One of these partisans is the brilliant critic Janet Malcolm. In her article, “Socks:  Translating Anna Karenina,” in The New York Review of Books (6/23-16),  she eccentrically endorses Constance Garnett’s translation.  She explains that English and American readers have “until recent years…largely depended on two translations, one by the Englishwoman Constance Garnett and the other by the English couple Louise and Aylmer Maude, made respectively in 1901 and 1912.”

She quotes the scholar Gary Morson, who is infuriated by the new translations.  He wrote,

“I love Constance Garnett, and wish I had a framed picture of her on my wall, since I have often thought that what I do for a living is teach the Collected Works of Constance Garnett. She has a fine sense of English, and, especially, the sort of English that appears in British fiction of the realist period, which makes her ideal for translating the Russian masterpieces. Tolstoy and Dostoevsky were constantly reading and learning from Dickens, Trollope, George Eliot and others.

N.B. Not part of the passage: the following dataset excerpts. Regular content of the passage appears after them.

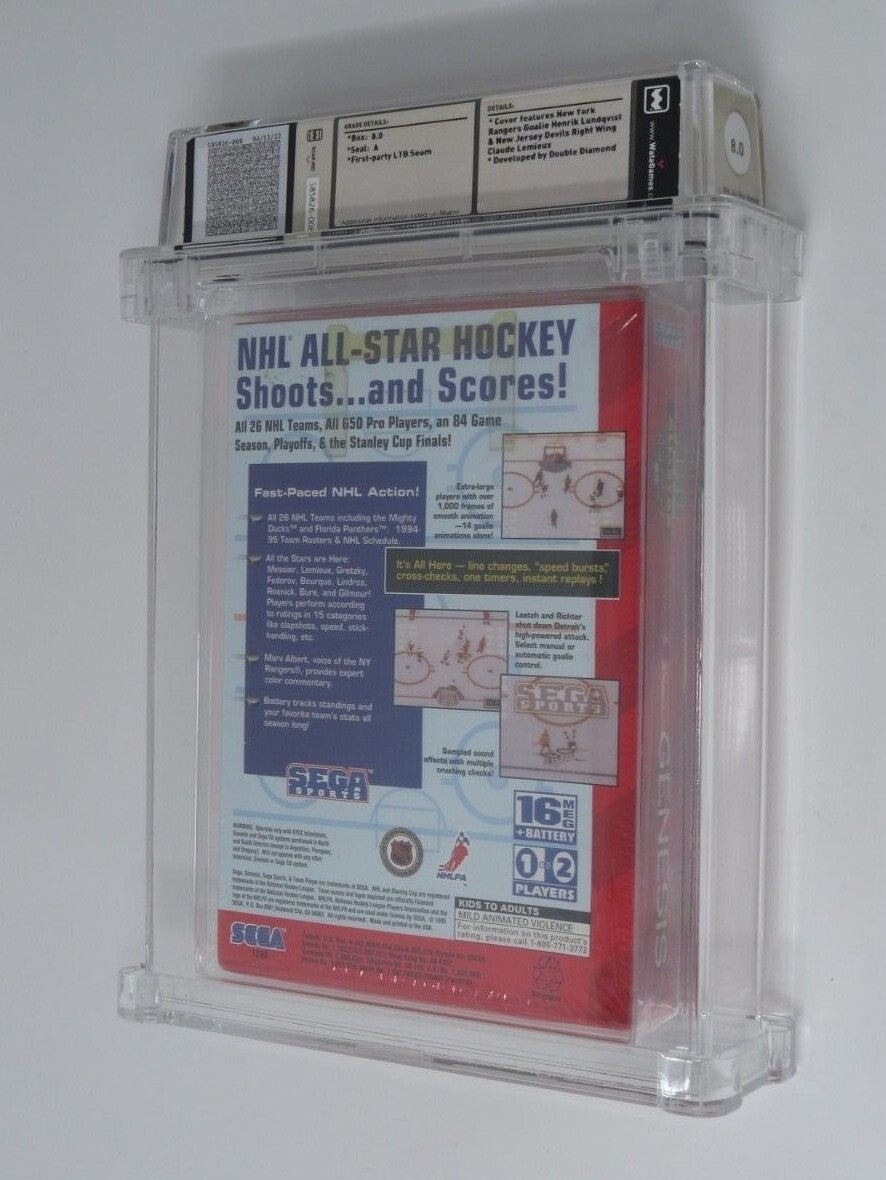 Up for auction is an Original NHL All Star Hockey '95 Sega Genesis Sealed Video Game.  This sealed game has been graded a 8.0 by Wata.  The seal on the game was graded an A.  This is a great chance to pick up a classic sports game!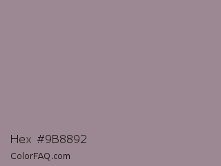 Hex #9b8892 Color is a normal rose color and the nearest color is Venus #928590. Hex code #9b8892 and RGB value is rgb(155,136,146). In RGB color space, this color is composed of 61% red, 53% green, 57% blue, In CMYK color space, this color is composed of 0% cyan, 12% magenta, 6% yellow , 39% black , In HSL color space, this color has a hue angle of 328° , 9% saturation and 57% lightness.
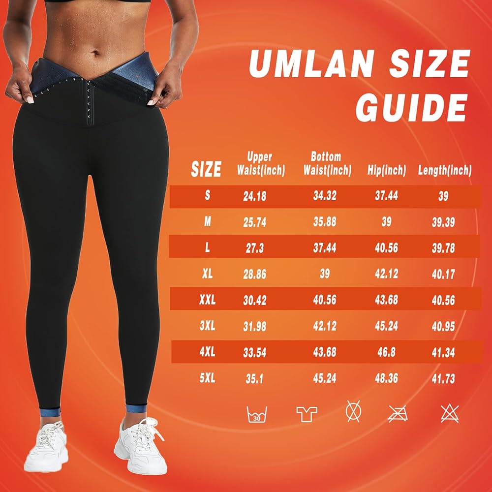 • NO ROLL DOWN DESIGN&HIGH COMPRESSION: The themo sweat leggings is with rubber on waist top .the thigh slimmer can hold on your waist and no roll down if you have bigger belly fat .The high waist sauna leggingss for women can help you to tummy control your waistline.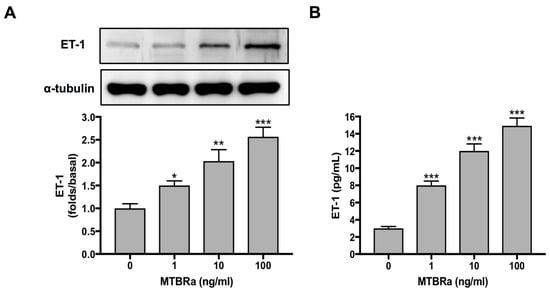 MTBRa induces ET-1 production in primary human PMCs. Cultured primary human PMCs (5 × 10 5 cells) were stimulated with the indicated concentrations of MTBRa for 24 h. (A) The total proteins from cell lysates were analyzed through Western blotting. (B) The levels of ET-1 in the culture supernatants were analyzed by ELISA. Data were shown as mean ± SD of three independent experiments. * p < 0.05, ** p < 0.01 and *** p < 0.001 compared with resting group. MTBRa, heat-killed Mycobacterium tuberculosis H37Ra; PMC, pleural mesothelial cell.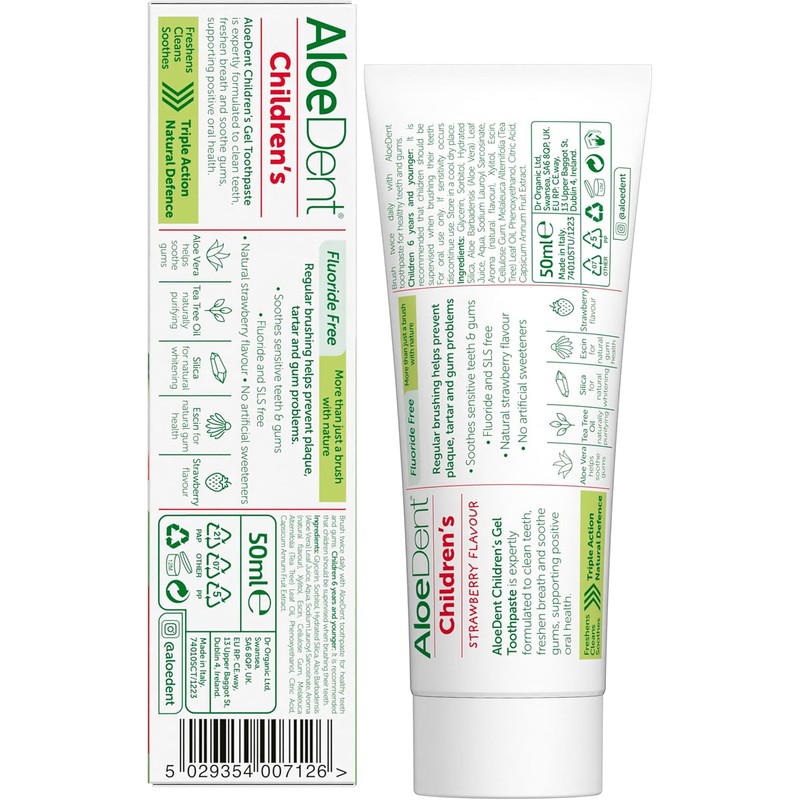 Directions: Brush twice daily with Aloe Dent Children's Toothpaste to support strong, healthy teeth and gums.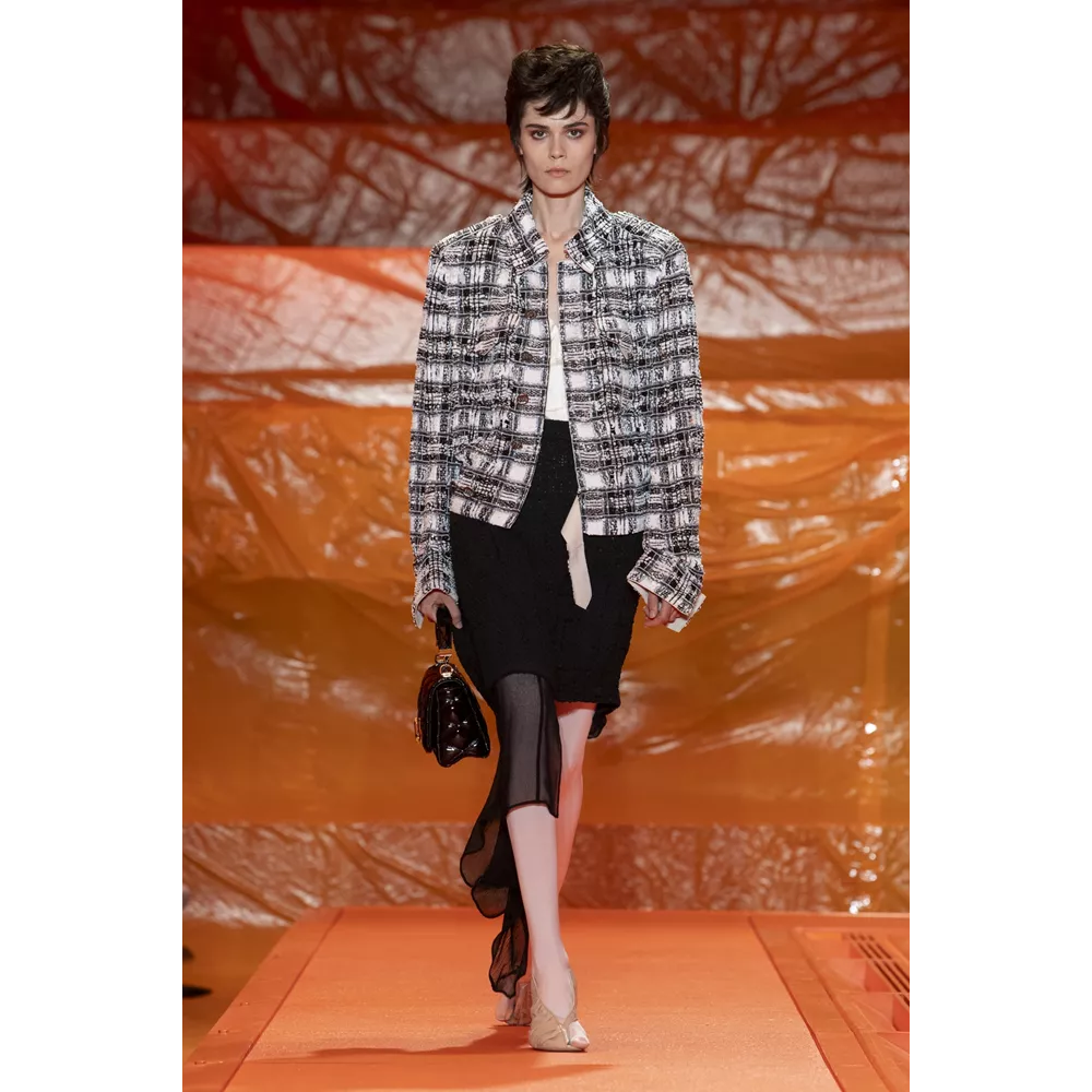 Αυτό το "παιχνίδι" με τα διαφορετικά μοτίβα και χρώματα σταματά, όμως, εδώ και τη θέση του θα πάρουν: ριγέ πουκάμισα φορεμένα χωρίς bottom, μόνο με λευκό καλσόν, αποντούν στο σοφιστικέ σέξι, ανάγλυφα κορσέ τοπ και αμάνικα puffer τοπ σε καρό που συνδυάζονται στην πρώτη περίπτωση με γυαλιστερά ριγέ και στη δεύτερη με denim και leather παντελόνια προσφέρουν μία νέα πρόταση casual style, σατινένια ταγέρ με oversized σταυροκούμπωτα σακάκια και πλισέ μίνι φούστες απηχούν ένα σύγχρονο girly, sequin πουκάμισα φορεμένα με γυαλιστερές δερμάτινες μίνι φούστες σε σχήμα καμπάνας γίνονται η εναλλακτική των party looks του τώρα, pinstripe φούστες συνδυασμένες με τζάκετ από λουστρίνι και ριγέ πουκάμισα με τονισμένους, μυτερούς ώμους φορεμένα με pencil skirt έρχονται να πάρουν τη θέση τους ως ένα εναλλακτικό workwear, ασύμμετρες tweed φούστες και καρό tweed σακάκια κεντημένα με πούλιες βάλουν τη απαραίτητη french πινελιά στα looks, μίνι φορέματα με επιτηδευμένα πλισέ και βολάν έρχονται ως κάτι διαφορετικό, και λίγο θεατρικό), όπως εξάλλου και τα ψηλόμεσα ριγέ παντελόνια που κρατούν τιράντες πάνω από off-shoulder υπερ-ντραπέ μπλούζες. Τέλος, σακάκια και φορέματα διακοσμούνται με κουμπιά που μοιάζουν με faux κοσμήματα, άλλα (σακάκια) προτείνονται με παραμορφωμένο το (πολύ γαλλικό) πιε - ντε - πουλ μοτίβο, ενώ slip φορέματα αξιοποιούν το πολύ casual μοτίβο τις ρίγας σε looks που προορίζονται για βράδυ.

Every time someone else redoes one of these works, reviewers say that the new version replaces Garnett; and then another version comes out, which, apparently, replaces Garnett again, and so on. She must have done something right.”

I admit, Constance Garnett’s Tolstoy hasn’t worked out for me.  I found it clunky, but it was a revised edition of her translation.  (You can download a free e-book version of her original translation, and perhaps that’s the one to read.)  And Garnett has a reputation for writing rapidly and sometimes skipping parts she doesn’t understand. Malcolm thinks this is a sexist interpretation of her work.  And she may be right.

But Malcolm also admits Garnett made thousands of mistakes, and that the revisions in a recent Modern Library edition are often awkward.

Why is Garnett our only choice?  Because Malcolm and Morson  hate the award-winning translators Ricahrd Pevear and Larissa Volokhonsky (and skip anything in between). I am a fan of P&V’s stunning work, and their translations are now widely taught in American universities. Their lyrical translation of Doctor Zhivago made me finally appreciate Pasternak:  the only other English version is a lacklustre 1958 translation cobbled together hastily in a couple of months after Pasternak won the Nobel. Reading that had led me to assume that Pasternak won only for his politics.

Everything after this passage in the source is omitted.